Потом мы еще долго спорили об их появлении. Ты считала, что они жили там изначально, вечно и в каком-то жутком безвременьи. Мне же казалось, что приехали они после нас - через месяц или два. Как бы то ни было, поначалу мы совсем их не замечали, и не слышали их кроткого присутствия ни в гулком хлопаньи дверей, ни в жарком мычании расстроенного тромбона из окна верхнего этажа. Ты говорила, я ищу оправдания. Да, но неужели их вид, такой легкий и благодушный, мог что-либо изменить и хоть как-то повлиять на решение остаться в этом доме на севере Италии?

Когда-то дом был частью старого замка, но желтовато-красный пейзаж Тосканы не делает различий между историей и мифом. По каменным ступенькам бегают дети, а зеленые ставни закрываются на один манер. В небольшом саду, где мы завтракали, стоял зеленоватый фонтан в виде головы древнеримского бога, через рот которого просачивалась тонкая струя воды, но даже в этом не было ничего из недоступного прошлого, о котором мечтают туристы. Однажды, прогуливаясь по улицам Сан-Джиминьяно, мы зашли в антикварный магазин, и видели там точно такой же фонтан из зеленого камня за пятьдесят евро. Помню, что огромный итальянец, владелец магазина, показался нам тогда торговцем краденым, неаполитанским преступником, для которого не было ничего святого.

Этот дом мы выбрали не из-за истории и даже не из-за денег (с нас брали не так много, поскольку интерьер был холодным и довольно скупым), а просто оттого, что мы оба увидели себя в нем в ближайшие год или два. Причем увидели в самых обычных ситуациях и настроениях: сидящими на кухне, выходящими в магазин или закрывающими ставни перед грозой. И это было так важно: мы приехали, чтобы остаться.
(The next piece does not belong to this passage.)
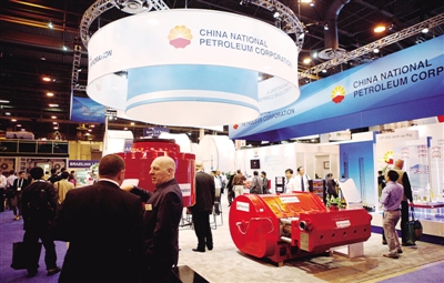 5月6日,观众在美国休斯敦举行的海洋油气技术大会上参观中国石油天然气集团(中石油)的展位。当日,一年一度的海洋油气技术大会(OTC)在美国“能源之都”休斯敦的瑞兰特中心开幕,共有来自全球近2800家公司参展,展会将持续至5月9日。 (新华社发)

Первые месяцы прошли спокойно, и вскоре мы начали привыкать к итальянцам и даже к пониманию того, что они ни за что не будут пытаться привыкнуть к тебе. Нас перестали принимать за наивных туристов в небольших продовольственных лавках, и предлагали твердый сыр с тем же вкусом, но за меньшие деньги. В ресторанах нам стали готовить все так же размашисто и по-итальянски, но уже с тем безусловным чувством, что мы местные, и потому завтра, возможно, мы снова придем именно сюда. Мы даже привыкли к тем полутора часам в день (сразу после обеда), когда из дома доносились резкие звуки духового инструмента, в котором мы не сразу опознали тромбон. А еще в конце августа я наконец нашел работу, и в слегка ускорившемся вечернем ветре мы впервые почувствовали смену сезона.

Именно в один из таких дней начала сентября я спешил домой перед дождем и внезапно почувствовал, что не могу открыть дверь внизу. Я изо всех сил нажимал на железную ручку, но она не поддавалась. Это был момент полного отчаяния, когда на секунду я перестал прилагать усилия, и тогда дверь с неуверенным, тягучим скрипом открылась прямо на меня. Вышел пожилой мужчина, привычно худой итальянец в легком белом пиджаке, и с каким-то медлительным удовольствием поздоровался со мной. К тому времени я был уверен, что знаю в лицо всех, кто жил в этом доме, и потому решил, что мужчина зашел в гости или приехал навестить свою дочь. Например, ту маленькую женщину в извечном желтом сарафане, что жила в квартире над нами. А еще - прежде, чем зайти в дом, я обернулся и увидел, как он смотрит на нижнюю часть дома и сигналит кому-то в окно методичными движениями зонта вверх.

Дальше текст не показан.